Countries also need to improve their early warning systems to minimise fatalities due to extreme weather events.

Warnings need to be targeted, given multiple days in advance of a dangerous weather event, and include clear instructions advising people about what they need to do, the WWA outlined.

Additionally, the WWA called for real-time reporting of heat deaths.

“Heatwaves are the deadliest type of extreme weather.
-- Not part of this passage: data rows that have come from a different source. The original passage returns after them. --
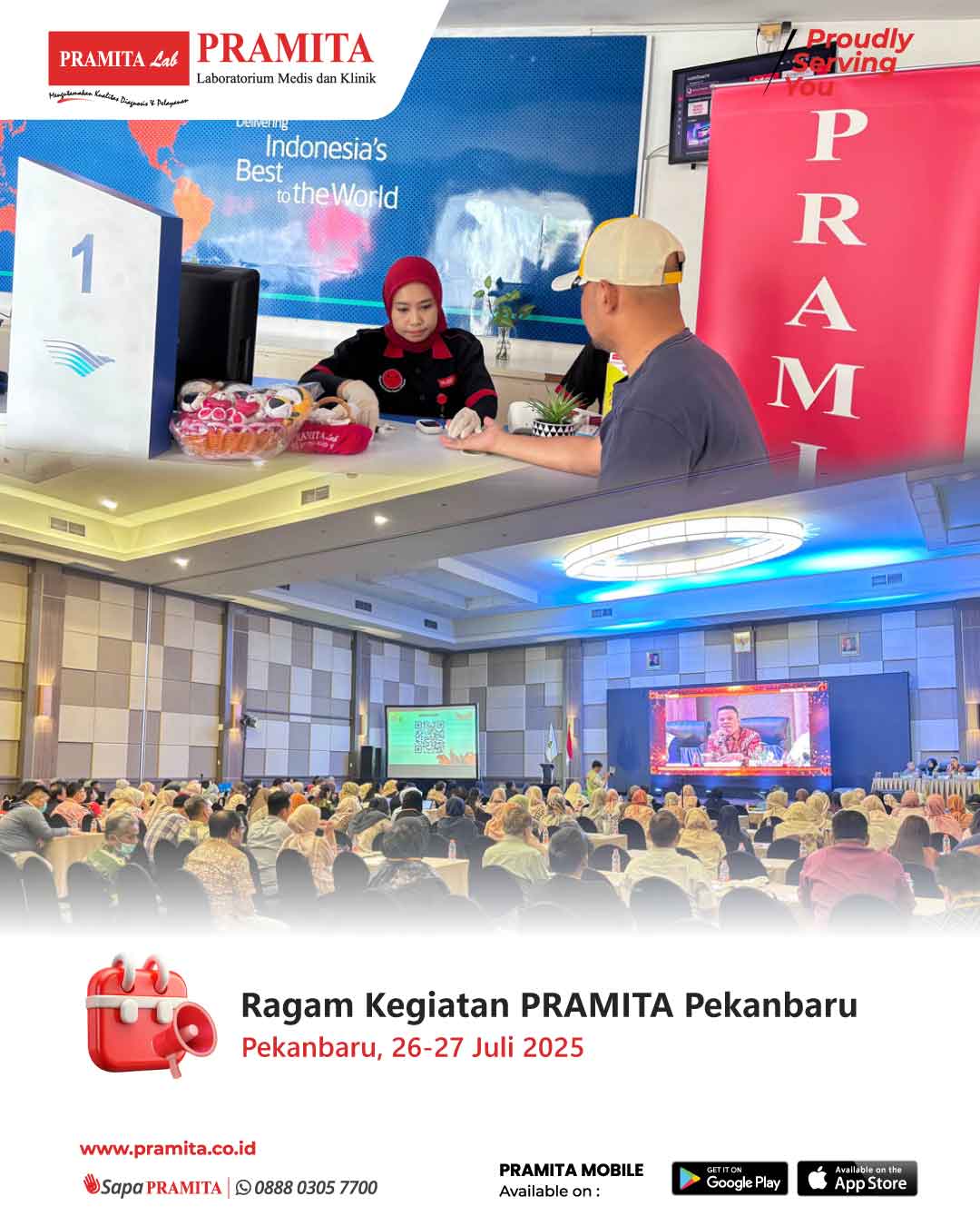 Sat, 2 Aug 2025PRAMITA Cabang Pekanbaru membuktikan komitmennya dalam mendekatkan layanan kesehatan kepada masyarakat dengan berpartisipasi dalam dua kegiatan di penghujung Juli 2025. Tanggal 26–27 Juli 2025, PRAMITA Cabang Pekanbaru turut hadir dalam Sales Office Travel Fair (SOTF) Garuda Indonesia Pekanbaru di area Car Free Day. Pada kesempatan tersebut, pengunjung mendapatkan layanan cek tekanan darah, gula darah sewaktu, serta voucher diskon pemeriksaan. Kehadiran PRAMITA menjadi daya tarik tersendiri dala...
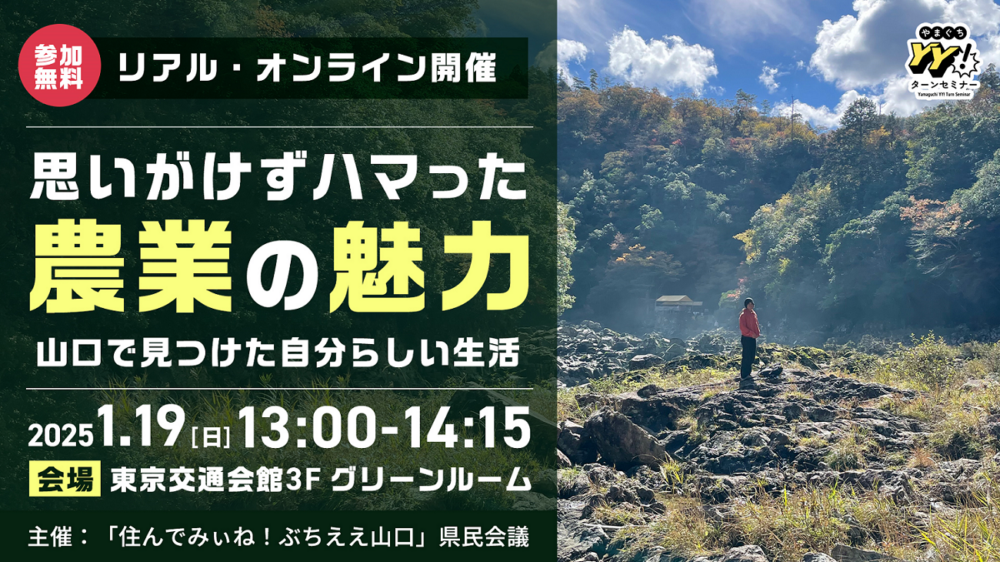 【1/19(日)13:00~リアル・オンライン開催(東京・有楽町)】思いがけずハマった農業の魅力 山口で見つけた自分らしい生活
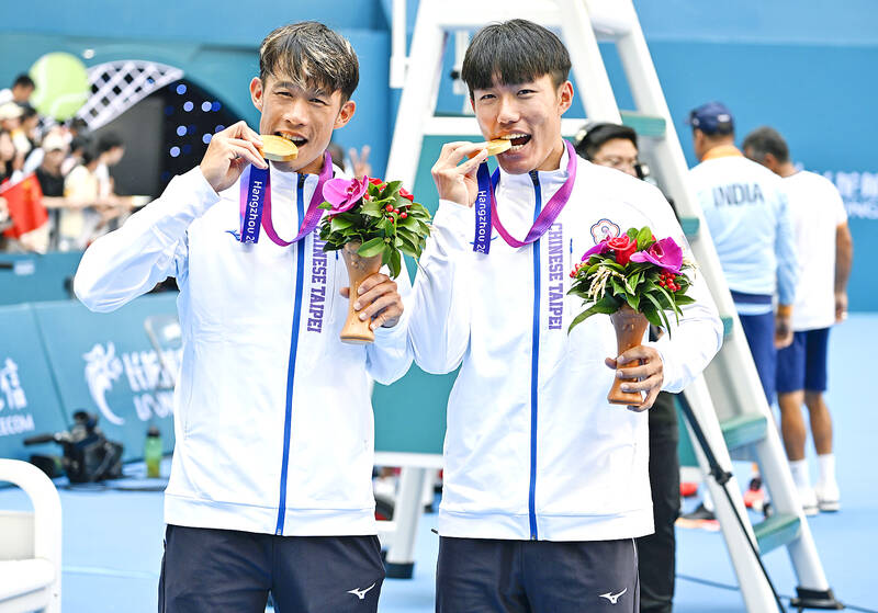 Taiwanese tennis players Hsu Yu-hsiou (許育修) and Jason Jung (莊吉生) yesterday dispatched an Indian duo in straight sets in the men’s doubles final to notch Taiwan’s fifth gold medal at the Asian Games in Hangzhou, China.

However, the dangers of high temperatures are underappreciated and underreported,” it said.

“In April, a hospital in Mali reported a surge in excess deaths as temperatures climbed to nearly 50°C. Reported by local media, the announcement was a rare example of health professionals raising the alarm about the dangers of extreme heat in real-time.

“Health systems worldwide are stretched, but informing local journalists when emergency departments are overwhelmed is a simple way to alert the public that extreme heat can be deadly.”

Finally, developing countries need to be provided with finance to help them cope with the impacts of extreme weather.

“Developing countries are responsible for a small amount of historic carbon emissions, but as our research has highlighted this year, are being hit the hardest by extreme weather,” the WWA said.

“Back-to-back disasters, like the Philippines typhoons, or devastating floods that followed a multi-year drought in East Africa, are cancelling out developmental gains and forcing governments to reach deeper and deeper into their pockets to respond and recover from extreme weather.

“Ensuring developing countries have the means to invest in adaptation will protect lives and livelihoods, and create a stabler and more equitable world.”